Tracker for follow-up work on the async LLM path introduced in #3284 (feat: add async LLM completion support across the SDK, merged). The agent server now drives real LocalConversations through arun() by default (event_service.py:285-294), so these affect production server runs, not just opt-in async callers.

Findings below were cross-checked against merged main by two independent reviews; the two High-severity items were reproduced.

Checklist

Correctness

Maintainability


B1 — Async error path bypasses fallback / mapping / telemetry (High)

In acompletion (llm.py:996-1054) and aresponses (llm.py:1338-1460), the retry loop is outside the try/except that calls _ahandle_error:

async for attempt in self.async_retry(...):   # reraise=True
    with attempt:
        resp = await self._atransport_call(...)   # provider errors raised HERE
try:                                              # only wraps response parsing
    message = Message.from_llm_chat_message(...)
    return LLMResponse(...)
except Exception as e:
    return await self._ahandle_error(e, ...)
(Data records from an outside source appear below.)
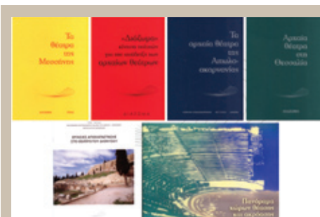
Εικ. 1: Οι εκδόσεις του «ΔΙΑΖΩΜΑΤΟΣ»

3. στους πολίτες, οι οποίοι μπορούν να συνει-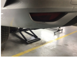
Tampon, arka, Reflektör, sol > Hasarlı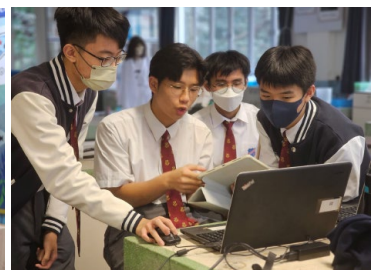
3. 本屆項目負責人為展覽作最後準備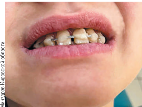
Могло показаться, что зубы сломаны. Но только на первый взгляд.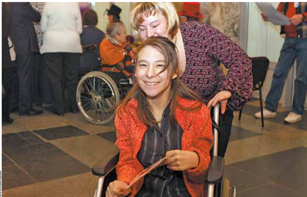
Для многих подопечных социальные работники становятся самыми близкими людьми

Различные, право же, не столь существенные — ведь важнее то, что очень близки и схожи задачи, роль, служение социальных работников и у нас, и у них. Это — помощь бездомным и престарелым, инвалидам, сиротам и многодетным, поддержка людей, оказавшихся в трудной жизненной ситуации. И неважно, в какой части света они живут, на каком языке говорят — слова «забота», «милосердие»,

The sync completion puts _one_attempt() inside the try (llm.py:900). map_provider_exception is called only in _handle_error/_ahandle_error (llm.py:718, 751). So on the common failure mode (retry exhaustion / non-retryable provider error), async:

  • never invokes fallback_strategy (backup LLM silently skipped),
  • never maps litellm exceptions to SDK types,
  • never calls telemetry.on_error.

Most damaging consequence: astep recovers from context overflow via except LLMContextWindowExceedError → CondensationRequest. That SDK type is produced only by map_provider_exception (mapping.py:35). In async the raw litellm.ContextWindowExceededError escapes unmapped, the handler misses it, and the conversation errors out instead of auto-condensing. Same for LLMMalformedConversationHistoryError.

Repro: primary litellm_acompletionAPIConnectionError, fallback LLM configured; acompletion() re-raised APIConnectionError and the fallback call count stayed 0.

Fix: wrap the async retry loop in the same try/except scope as sync, for both acompletion and aresponses.

B2 — Async retry loses temperature→1.0 on LLMNoResponseError (High)

before_sleep bumps temperature on LLMNoResponseError by mutating retry_state.kwargs (retry_mixin.py:50-59). Sync reads it back via _one_attempt(**retry_kwargs)final_kwargs = {**call_kwargs, **retry_kwargs} (llm.py:870). The async async for attempt: with attempt: idiom has no retried function and uses a call_kwargs local that is never updated, so the bump is lost.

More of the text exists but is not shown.